(Stored dataset items)
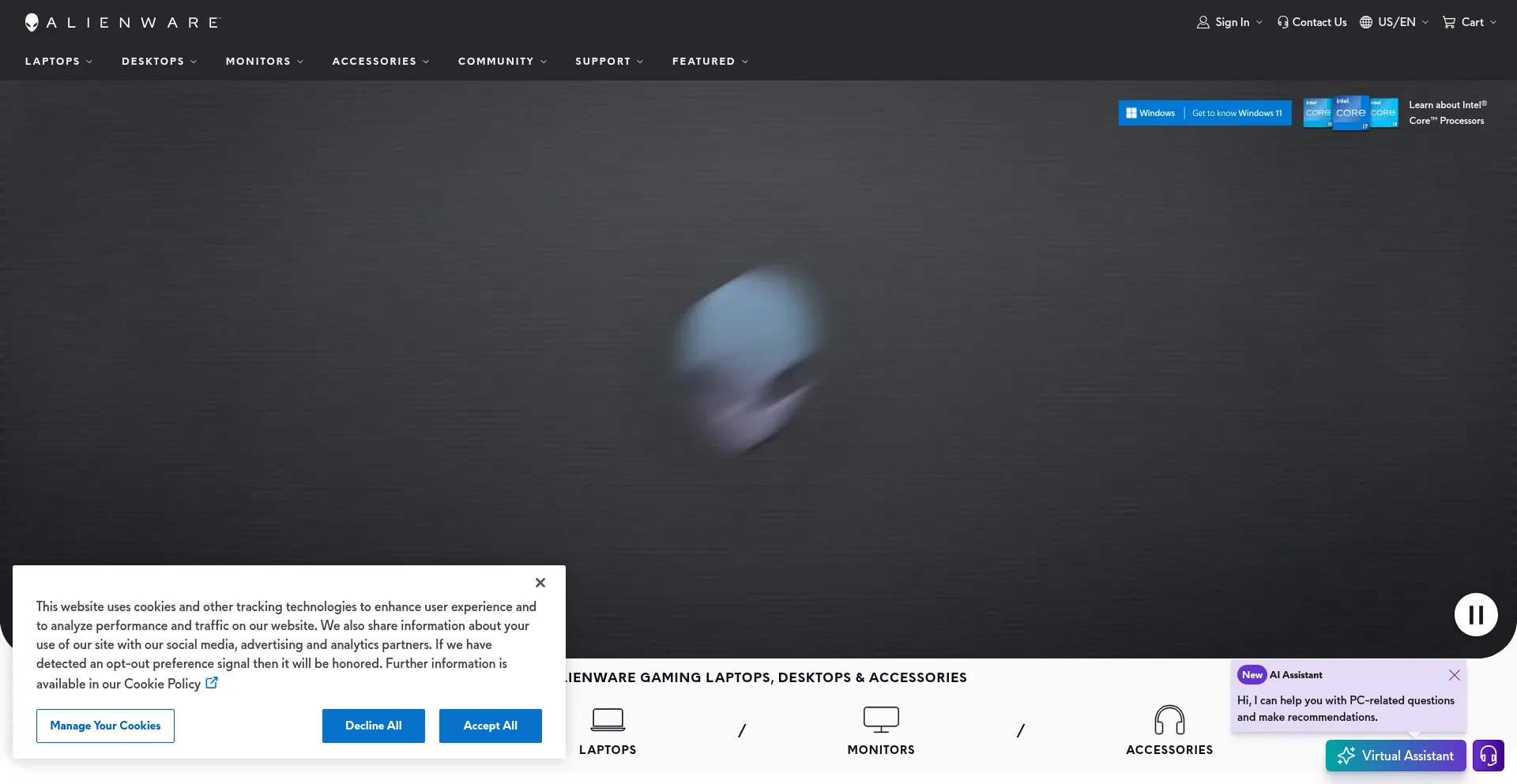 该网站实现符合GDPR或CCPA等隐私法规的cookie同意机制。这表明 alienware.com 遵守数据保护标准并为用户提供对个人数据收集实践的控制。
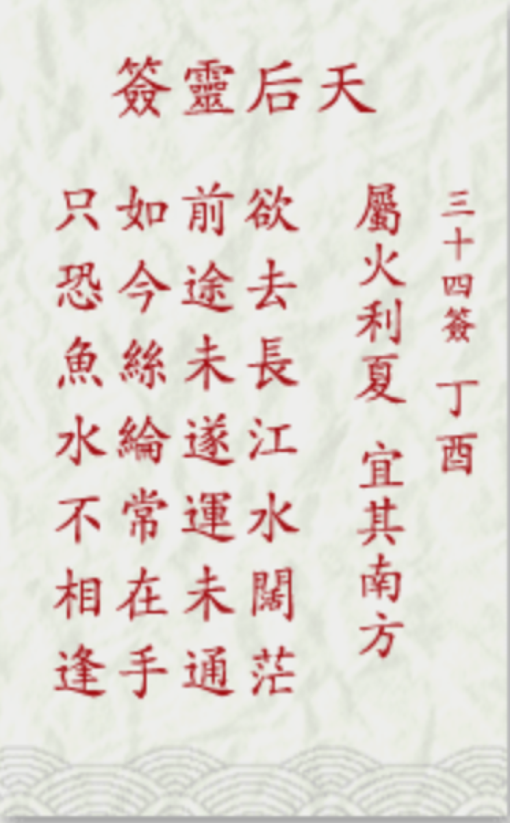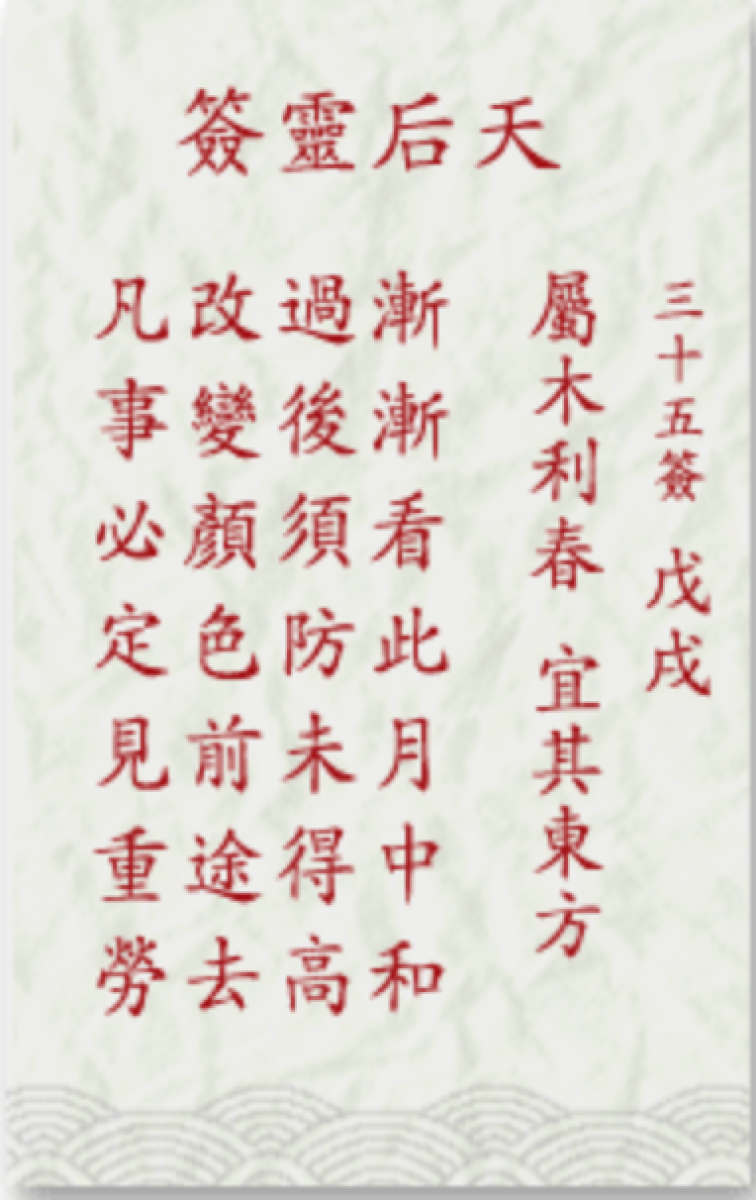 妈祖灵签三十五签: 戊戌 签题:戊戌 签文此事何须用心机 前途变怪自然知 看 ...
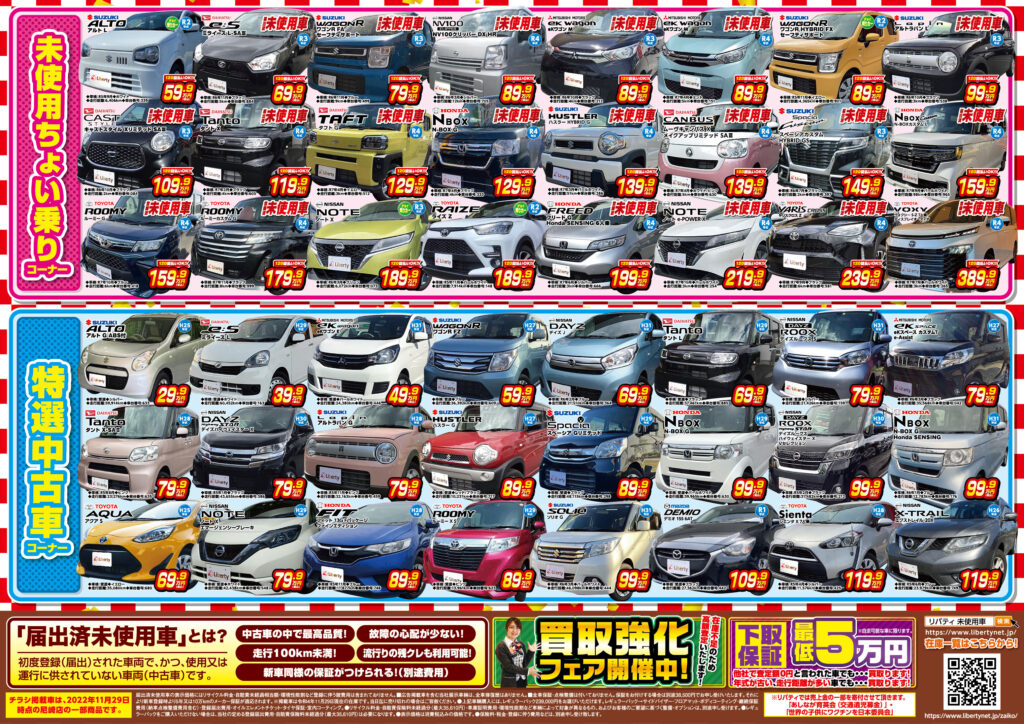 リバティ津店はなんと!目玉車が9.9万円からご用意しております!
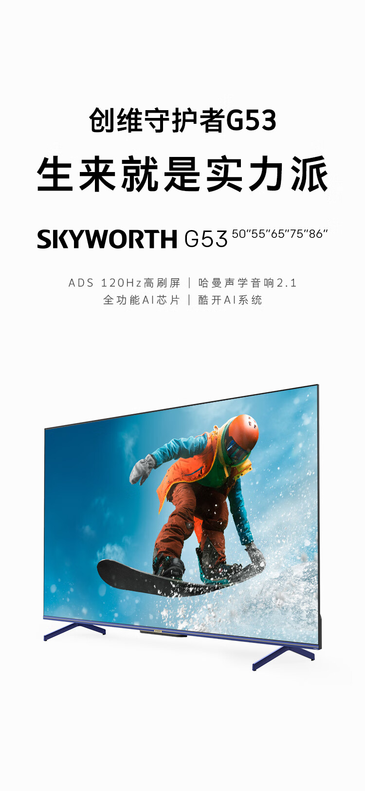 创维Skyworth 65G53 65英寸 4K 超高清 ADS 120Hz高刷屏 哈曼声学音响 第三代全功能AI芯片 守护者.
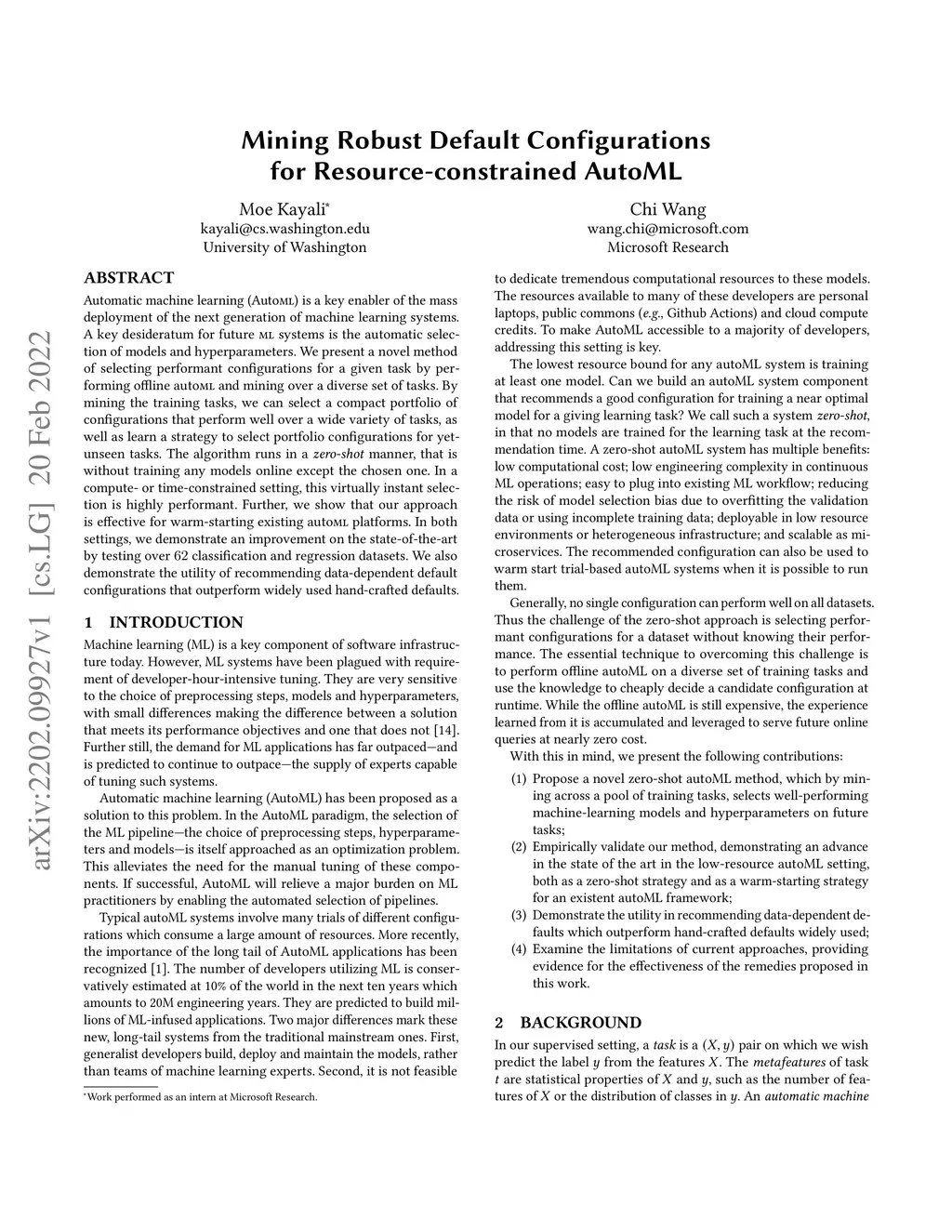 Automatic machine learning (AutoML) is a key enabler of the mass deployment of the next generation of machine learning systems. A key desideratum for future ML systems is the automatic selection of models and hyperparameters. We present a novel method of selecting performant configurations for a given task by performing offline autoML and mining over a diverse set of tasks. By mining the training tasks, we can select a compact portfolio of configurations that perform well over a wide variety of tasks, as well as learn a strategy to select portfolio configurations for yet-unseen tasks. The algorithm runs in a zero-shot manner, that is without training any models online except the chosen one. In a compute- or time-constrained setting, this virtually instant selection is highly performant. Further, we show that our approach is effective for warm-starting existing autoML platforms. In both settings, we demonstrate an improvement on the state-of-the-art by testing over 62 classification and regression datasets. We also demonstrate the utility of recommending data-dependent default configurations that outperform widely used hand-crafted defaults.

■ **Task statement**
The entries above are to be retyped exactly, with each picture left out.

■ **Answer to the problem**
 该网站实现符合GDPR或CCPA等隐私法规的cookie同意机制。这表明 alienware.com 遵守数据保护标准并为用户提供对个人数据收集实践的控制。
 妈祖灵签三十五签: 戊戌 签题:戊戌 签文此事何须用心机 前途变怪自然知 看 ...
 リバティ津店はなんと!目玉車が9.9万円からご用意しております!
 创维Skyworth 65G53 65英寸 4K 超高清 ADS 120Hz高刷屏 哈曼声学音响 第三代全功能AI芯片 守护者.
 Automatic machine learning (AutoML) is a key enabler of the mass deployment of the next generation of machine learning systems. A key desideratum for future ML systems is the automatic selection of models and hyperparameters. We present a novel method of selecting performant configurations for a given task by performing offline autoML and mining over a diverse set of tasks. By mining the training tasks, we can select a compact portfolio of configurations that perform well over a wide variety of tasks, as well as learn a strategy to select portfolio configurations for yet-unseen tasks. The algorithm runs in a zero-shot manner, that is without training any models online except the chosen one. In a compute- or time-constrained setting, this virtually instant selection is highly performant. Further, we show that our approach is effective for warm-starting existing autoML platforms. In both settings, we demonstrate an improvement on the state-of-the-art by testing over 62 classification and regression datasets. We also demonstrate the utility of recommending data-dependent default configurations that outperform widely used hand-crafted defaults.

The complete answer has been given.